Vale a pena pegar empréstimo para quitar dívida? O guia para decidir

Entenda quando compensa fazer um empréstimo para pagar dívidas. Aprenda a comparar juros, reduzir o valor total da dívida e evitar a bola de neve financeira.

Muita gente tem medo de fazer um novo empréstimo quando já está devendo, achando que isso vai piorar a situação.

Mas, na verdade, essa é uma das táticas mais inteligentes de educação financeira — se usada com estratégia.

O segredo não é “fazer mais uma dívida”, mas sim comprar uma dívida mais barata para matar uma mais cara.

A Regra de Ouro: Compare os Juros

Você só deve pegar um empréstimo para pagar dívidas se a Taxa de Juros (CET) do novo empréstimo for consideravelmente menor do que a da dívida atual.

  • Dívidas Vilãs: Cartão de crédito rotativo (cheque especial) e crédito pessoal sem garantia. Elas cobram juros que podem passar de 15% ao mês.
  • Dívidas Aliadas: Empréstimo consignado, antecipação do FGTS ou empréstimo com garantia. Essas modalidades cobram entre 1,5% e 4% ao mês.

Exemplo: Se você deve R$ 2.000 no cartão de crédito, em um ano essa dívida pode virar R$ 8.000. Se você pegar um empréstimo com juros baixos para quitar esses R$ 2.000, você “estanca o sangue” e passa a dever apenas as parcelas fixas e menores do novo empréstimo.
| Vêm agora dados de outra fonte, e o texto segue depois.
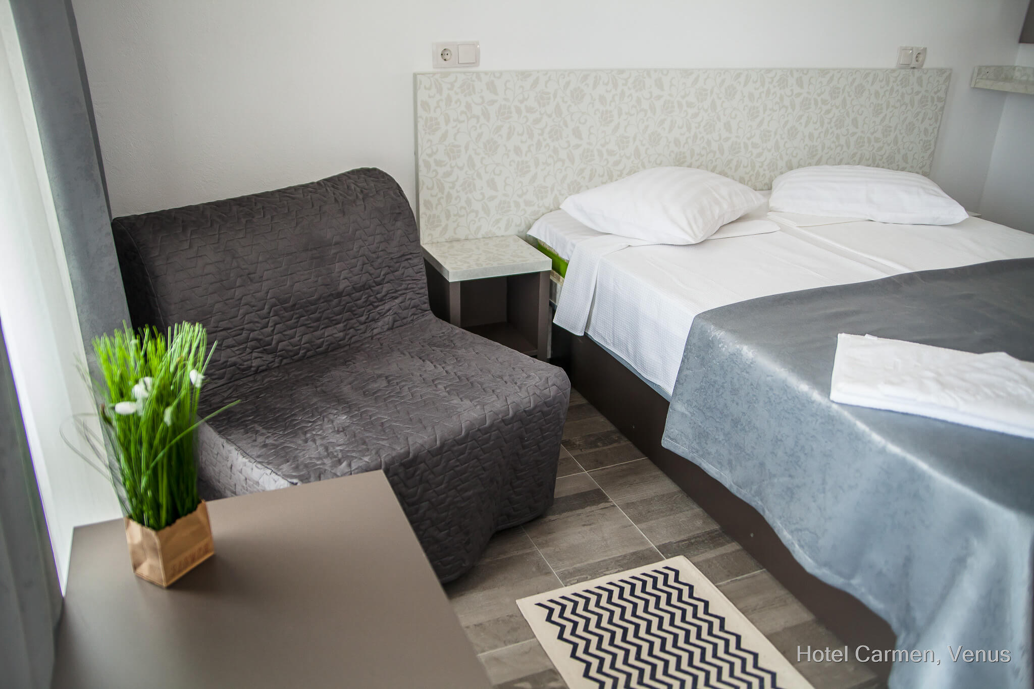 Amplasat la doar 50 de metri de plaja Mării Negre, hotelul Carmen din stațiunea Venus se bucură de o poziționare ideală, fiind situat într-o oază de liniște, cu vegetație bogată și aer curat. Această stațiune îi poartă numele zeiței frumuseții și face parte din municipiul Mangalia, fiind situată în partea de sud a litoralului românesc.

Quando realmente VALE a pena?

  • Para evitar o efeito “Bola de Neve”: Se você percebeu que o juro atual está crescendo mais rápido do que sua capacidade de pagar.
  • Para unificar contas: É muito mais fácil organizar a mente e o bolso pagando uma única parcela por mês do que dez boletos diferentes em datas variadas.
  • Para conseguir descontos: Com o dinheiro do empréstimo na mão, você pode ligar para seus credores e oferecer um pagamento à vista. Bancos costumam dar descontos agressivos (de até 90%) para quem aparece com o dinheiro vivo para liquidar o débito.

Quando NÃO vale a pena?

  • Se os juros forem parecidos: Trocar uma dívida de 8% ao mês por uma de 7,5% não muda sua vida e ainda pode ter taxas de abertura de crédito (TAC) que anulam a vantagem.
  • Se você não cortou a causa do problema: Se você pegar o empréstimo, pagar o cartão de crédito e continuar gastando no cartão, em dois meses você terá duas dívidas: a do empréstimo e a nova do cartão. Isso é o que chamamos de suicídio financeiro.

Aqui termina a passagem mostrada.